David Hogg, Emma Gonzalez and other March for Our Lives organizers will continue their campaign against gun violence this summer when they travel to communities across the country to meet with “young people who need to have their voices heard,” Gonzalez told attendees Thursday at the Education Writers Association’s annual conference, held at the University of Southern California in Los Angeles.
Speaking on a panel about student activism, Gonzalez joined fellow Marjory Stoneman Douglas High school senior David Hogg, Alex King of North Lawndale College Prep High School in Chicago and Jackson Mittleman of Newtown (Conn.) High School to share how they have been affected by shootings in their schools and communities, and how they are trying to sustain the nation’s focus on gun control.
“It’s a universal conversation,” Gonzalez said. “Adults were looking at this in a single-faceted way. If you don’t address the whole problem, it’s never going to be solved. It’s not just schools. If you just address schools, Las Vegas is still going to happen. So is Charleston.”
The students’ first goal is to get as many high school students to register to vote on May 29, Hogg said. Then on June 15, they’ll have an event in Chicago, where King said the focus will be on trauma-informed education.
“It is statistically proven that one exposure to a traumatic event actually affects brain development,” King said, adding that he wants to see more attention to how the violence students experience outside of school affects learning. In Chicago, he added, “we don’t have school shootings, we have daily shootings.”
Making sure ‘nobody would forget’
Hogg said when the shooting at his Parkland, Fla., school began, he first thought it was a drill because the school had been planning one. But he began recording videos with his phone in case it was real and “hoping our voices would carry on even if our souls wouldn’t,” he said.
He also continued to engage with the media because his sister lost four of her friends. “I felt a sense of responsibility for my sister,” he said. “I wanted to make sure that nobody would forget about this.”
Citing statistics about the costs of gun violence and political arguments on both sides of the spectrum, Hogg said he would like to see more “violence interruption” programs such as the Positive Peace Warrior Network, the Chicago program in which King participates. King, whose nephew was shot and killed last year, was among the students who former Secretary of Education Arne Duncan took to Florida to meet at Gonzalez’s home.
In addition to experiencing his first time on a plane, and thinking Gonzalez’s home was a hotel, he said he was impacted by seeing “so many parents, so many children” at the Parkland school.
He joined the Peace Warrior program, in which members meet with and provide support to students who have lost family members to gun violence, because he wanted one of their t-shirts. “I was also told there was going to be free food,” he said about meeting with counselors about the program.
He has also learned that he is a leader and that his voice matters, he said.
“If I can get on board, I can get a lot more people to get on board,” he said. “I didn’t plan the walkout, and for some reason, I end up being the leader of the walkout.”
‘Changed forever’
The current activism of students such as Hogg and Gonzalez has given students who lived through the 2012 shooting at Sandy Hook School in Newtown, Conn., a chance to articulate what they’ve been feeling for more than five years, Mittleman said.
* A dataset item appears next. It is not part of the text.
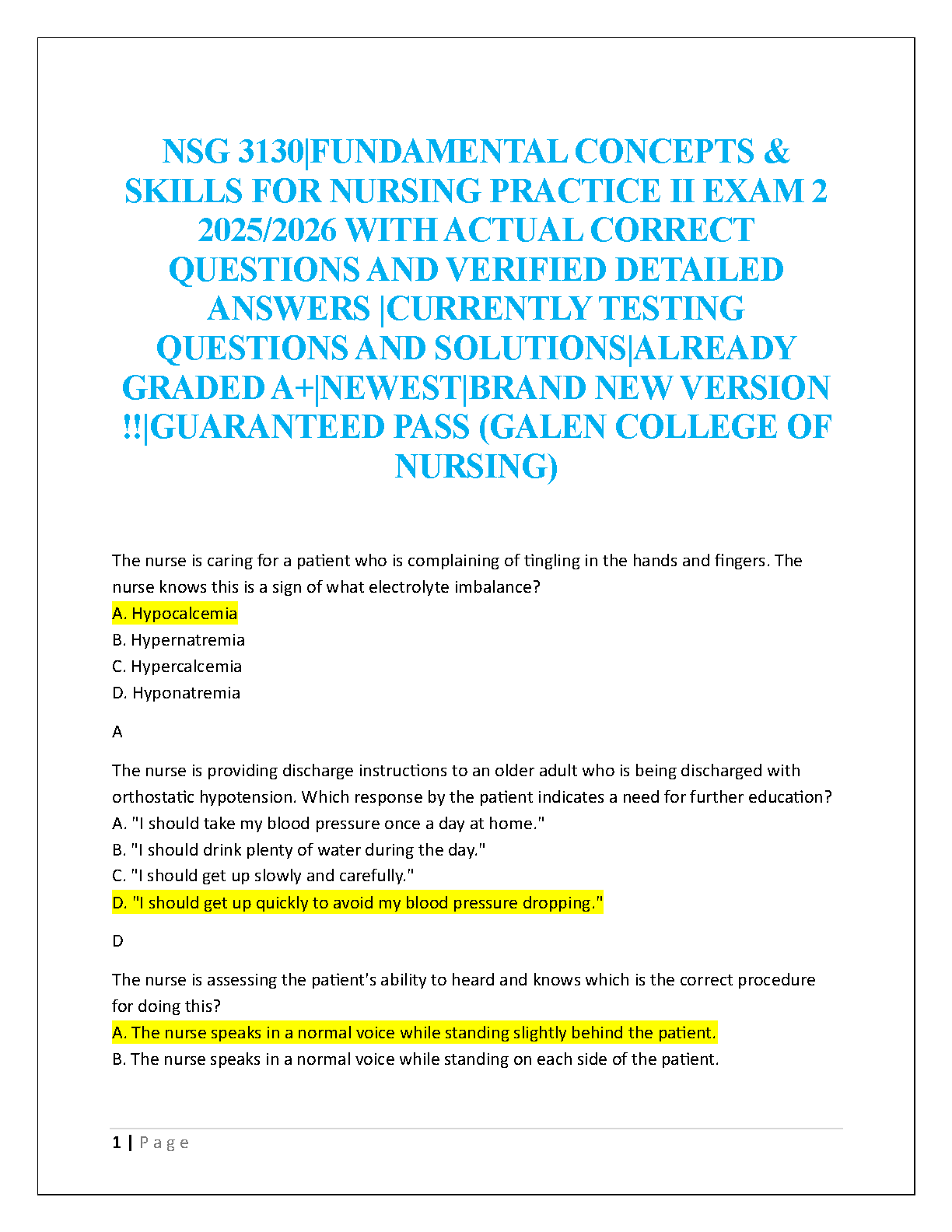 Master your NSG 3130 Exam 2 with this ultimate study resource for Fundamental Concepts & Skills for Nursing Practice II at Galen College of Nursing. This test bank, aligned with Taylor, Lynn & Bartlett's 'Fundamentals of Nursing' 10th Edition, provides the newest, A+ graded collection of questions and meticulously verified answers for the 2025/2026 academic year. Gain the confidence you need with detailed solutions that clarify complex topics, ensuring you're fully prepared to pass your exam with flying colors and avoid resits.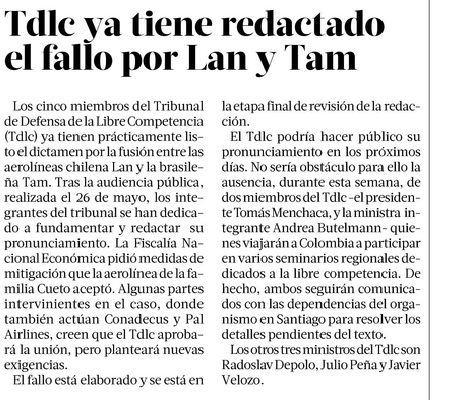 El mercado está expectante ante la resolución que por estos días el Tribunal de Defensa de la Libre Competencia (TDLC) debe entregar sobre la fusión entre la aerolínea controlada por los Cueto, Lan, con la brasilera Tam. Hace dos semanas el Tribunal Constitucional (TC) desestimó una presentación hecha por Pal Airlines, controlada por la familia Mussiet.

“Newtown is so changed forever, and we don’t want to be defined by this tragedy. I don’t want to have a tattoo of tragedy and sadness,” he said, adding that there are “so many who emotionally can’t take what happened. They all struggle with this, and you need to find the right time to talk about it.”
The students on the panel also responded to questions about their confidence before crowds, their grasp of controversial issues, and the articulate way they present their cases. Hogg responded that what students are saying isn’t new, but that now adults are paying attention.
“People sent us to high school so we could learn stuff,” Gonzalez said, “and they’re amazed we paid attention.”